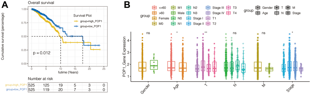 Survival analysis of POP1 to explore its prognostic value
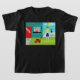 Willkommen zu den Vororten! Dieser Retro Samstag Morgen T - Shirt kennzeichnet ein attraktives unbedeutendes Cartoonpaar in ihrer kleinen Ecke des Paradieses. Vom Fenster eines Türkises und aquamarinen des Ziegelsteinhauses, können wir Frau Homemaker sehen. Der schöne Redhead trägt einen Pinkkittel. Sie hält einen Krug frisch zusammengedrückte Limonade in einer Hand. Auf dem Windowsill vor ihr, gibt es ein kochend heißes, selbst gemacht, das überstiegene Gitter, Fruchttorte in einer grünen Tortenplatte. Auf dem Gehweg vor der roten Tür zum Zuhause, ist gerollt herauf Samstag Morgen Zeitung wartete gelesen zu werden. Herr Man des Hauses ist auf dem üppigen grünen Rasen stehend. Er trägt Kurzschlüsse eines Blaus und ein gelbes Shirt, das die sonnige Einteilung seiner Ehefrau zusammenbringt. Er ist hinter einem roten Rasenmäher stehend. Wir können sehen, dass er bereits einen Streifen des Grases gemäht hat, aber an diesem Punkt es schwierig ist, zu sagen, wenn er schwer arbeitet oder schwer arbeitet. Das Mähen scheint, an einem Stillstand zu sein, während er ein scharfes Glas Limonade genießt. Ah, erneuernd! Neben dem Haus wird die katzenartige Familie auf einem weißen Palisadenzaun gehockt. Schneeball, die ironisch genannte schwarze Katze, schaut unten auf ihren loyalen Themen und den orange und gelben Blumen, die die Zaunreihe einfassen. Die gelbe Sonne späht von hinten flaumige, hellblaue Wolken. Der Himmel ist der Schatten von Aqua aufgehoben für Hometown, USA in kitschy, moderne Grafik der Mitte des Jahrhunderts.
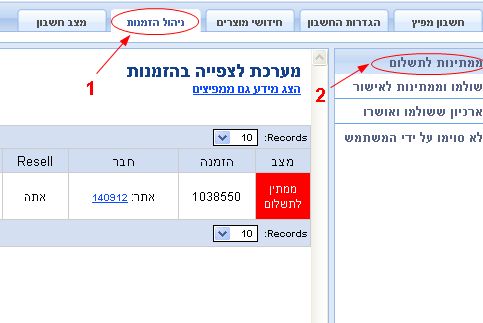 2. אם שמתם לב שעל-פי המספרים התקבלו הזמנות חדשות, תוכלו להמשיך את הטיפול בניהול הזמנות >> ממתינות לתשלום.
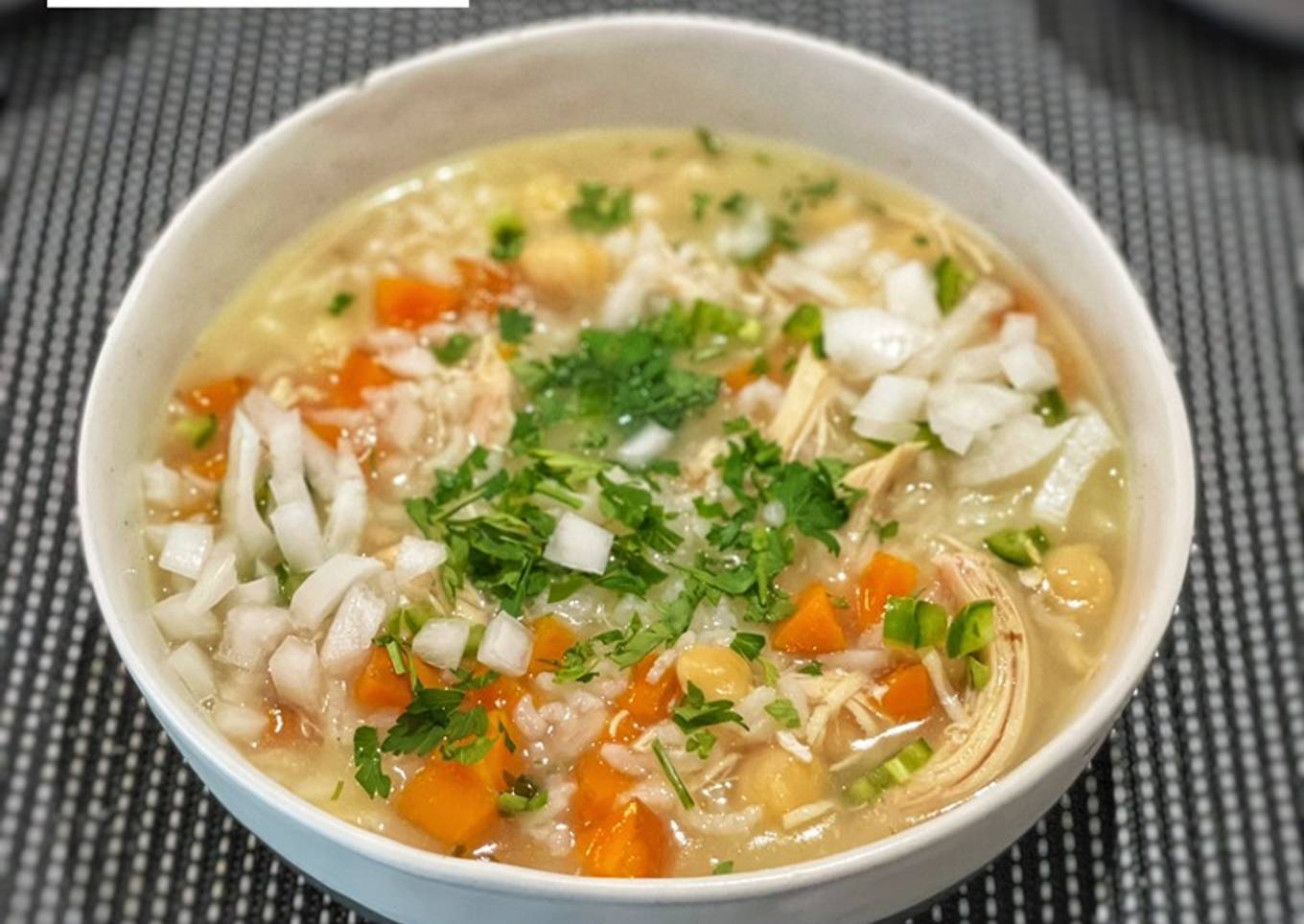 - Agregar la zanahoria, el arroz, los garbanzos y el caldo de pollo.

========================

# What needs to be done:
The full listing above, duplicated exactly and without its pictures, is the answer.

# Worked solution:
 Survival analysis of POP1 to explore its prognostic value
 Willkommen zu den Vororten! Dieser Retro Samstag Morgen T - Shirt kennzeichnet ein attraktives unbedeutendes Cartoonpaar in ihrer kleinen Ecke des Paradieses. Vom Fenster eines Türkises und aquamarinen des Ziegelsteinhauses, können wir Frau Homemaker sehen. Der schöne Redhead trägt einen Pinkkittel. Sie hält einen Krug frisch zusammengedrückte Limonade in einer Hand. Auf dem Windowsill vor ihr, gibt es ein kochend heißes, selbst gemacht, das überstiegene Gitter, Fruchttorte in einer grünen Tortenplatte. Auf dem Gehweg vor der roten Tür zum Zuhause, ist gerollt herauf Samstag Morgen Zeitung wartete gelesen zu werden. Herr Man des Hauses ist auf dem üppigen grünen Rasen stehend. Er trägt Kurzschlüsse eines Blaus und ein gelbes Shirt, das die sonnige Einteilung seiner Ehefrau zusammenbringt. Er ist hinter einem roten Rasenmäher stehend. Wir können sehen, dass er bereits einen Streifen des Grases gemäht hat, aber an diesem Punkt es schwierig ist, zu sagen, wenn er schwer arbeitet oder schwer arbeitet. Das Mähen scheint, an einem Stillstand zu sein, während er ein scharfes Glas Limonade genießt. Ah, erneuernd! Neben dem Haus wird die katzenartige Familie auf einem weißen Palisadenzaun gehockt. Schneeball, die ironisch genannte schwarze Katze, schaut unten auf ihren loyalen Themen und den orange und gelben Blumen, die die Zaunreihe einfassen. Die gelbe Sonne späht von hinten flaumige, hellblaue Wolken. Der Himmel ist der Schatten von Aqua aufgehoben für Hometown, USA in kitschy, moderne Grafik der Mitte des Jahrhunderts.
 2. אם שמתם לב שעל-פי המספרים התקבלו הזמנות חדשות, תוכלו להמשיך את הטיפול בניהול הזמנות >> ממתינות לתשלום.
 - Agregar la zanahoria, el arroz, los garbanzos y el caldo de pollo.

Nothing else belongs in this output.